> _DATA BELOW_:

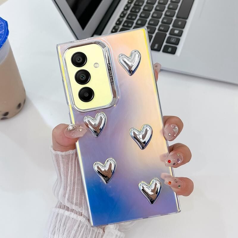 Θήκη τηλεφώνου TPU με ηλεκτρολυτική επίστρωση, υφή λέιζερ 5 καρδιών για Samsung Galaxy A15 5G (Κυματισμοί νερού)
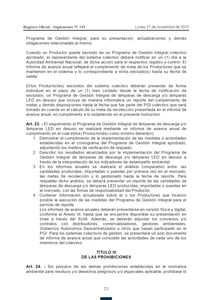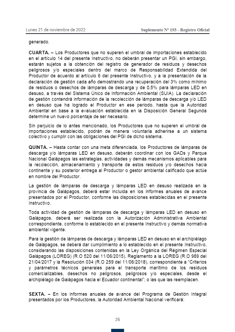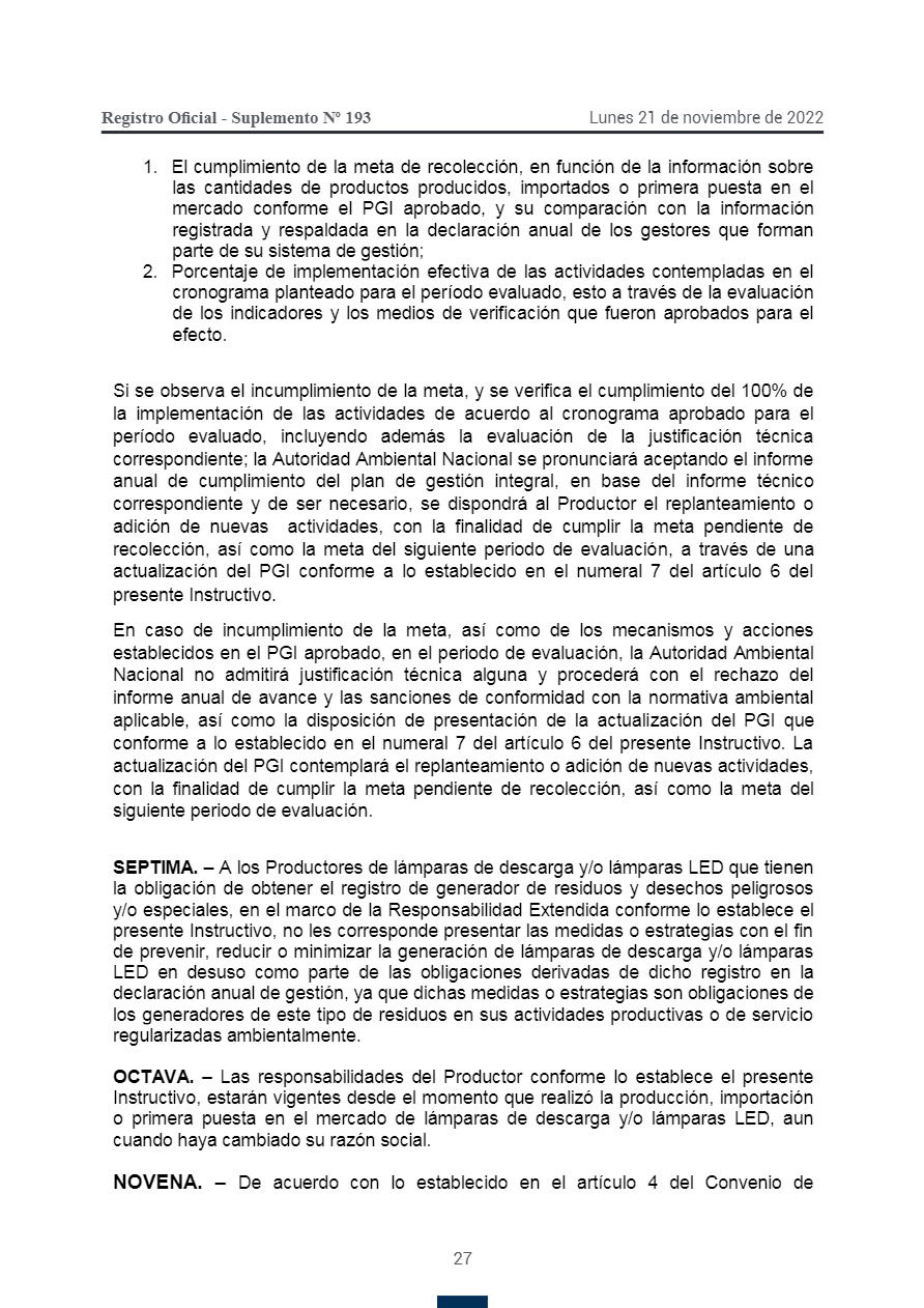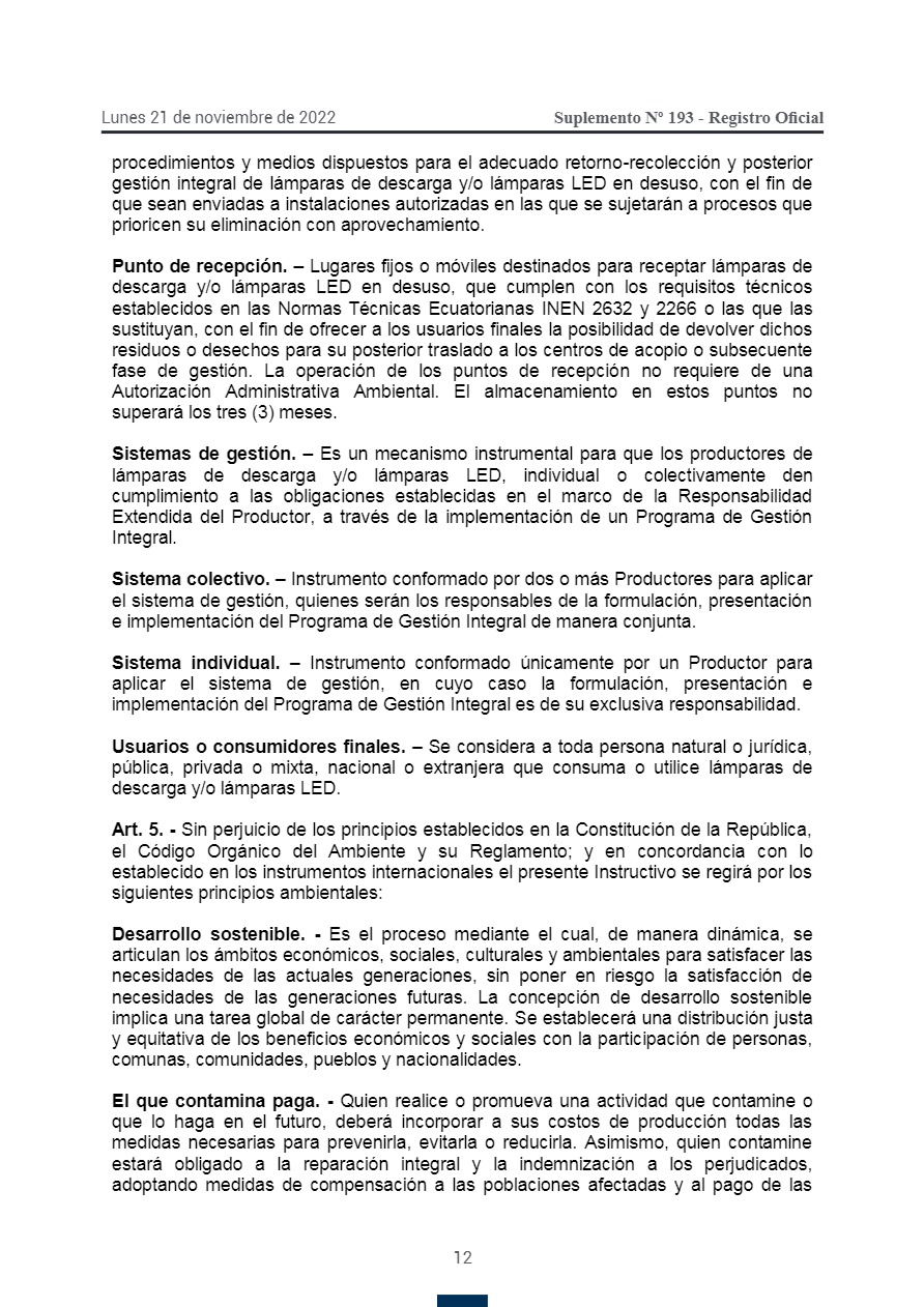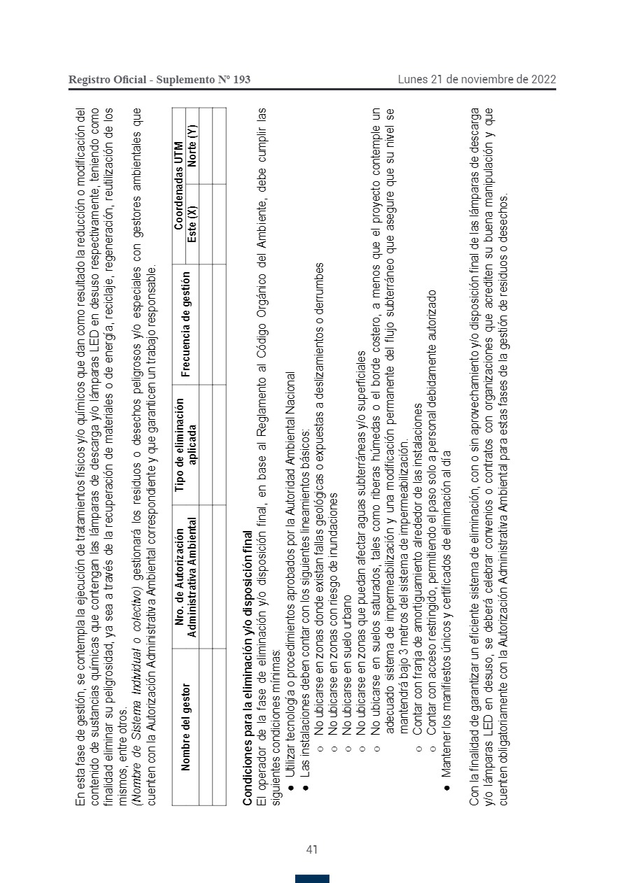 Documento que describe la gestión ambientalmente adecuada, cuándo las lámparas de descarga y/o lámparas LED, se han convertido en residuos o desechos con la finalidad de prevenir los riesgos para la salud de las personas, preservar el ambiente y evitar prácticas que puedan conducir a un inadecuado manejo de dichos materiales.
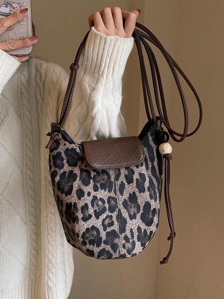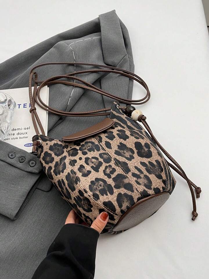Grunge Punk Nuevo bolso de hombro, bandolera y tipo cubo casual y elegante con estampado de leopardo para mujer
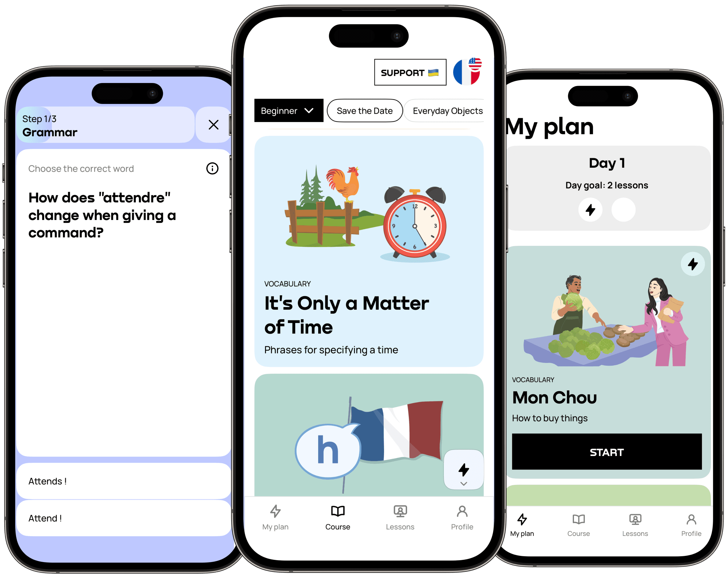 Want to master French for both casual chats and business conversations? Start learning French with Promova’s practical online courses, real speaking practice, and fun and interactive exercises, flashcards, and quizzes.

> _YOUR INSTRUCTIONS_:
Please repeat each line above exactly as it appears, but omit the pictures.

> _YOUR SOLUTION_:
 Θήκη τηλεφώνου TPU με ηλεκτρολυτική επίστρωση, υφή λέιζερ 5 καρδιών για Samsung Galaxy A15 5G (Κυματισμοί νερού)
 Documento que describe la gestión ambientalmente adecuada, cuándo las lámparas de descarga y/o lámparas LED, se han convertido en residuos o desechos con la finalidad de prevenir los riesgos para la salud de las personas, preservar el ambiente y evitar prácticas que puedan conducir a un inadecuado manejo de dichos materiales.
Grunge Punk Nuevo bolso de hombro, bandolera y tipo cubo casual y elegante con estampado de leopardo para mujer
 Want to master French for both casual chats and business conversations? Start learning French with Promova’s practical online courses, real speaking practice, and fun and interactive exercises, flashcards, and quizzes.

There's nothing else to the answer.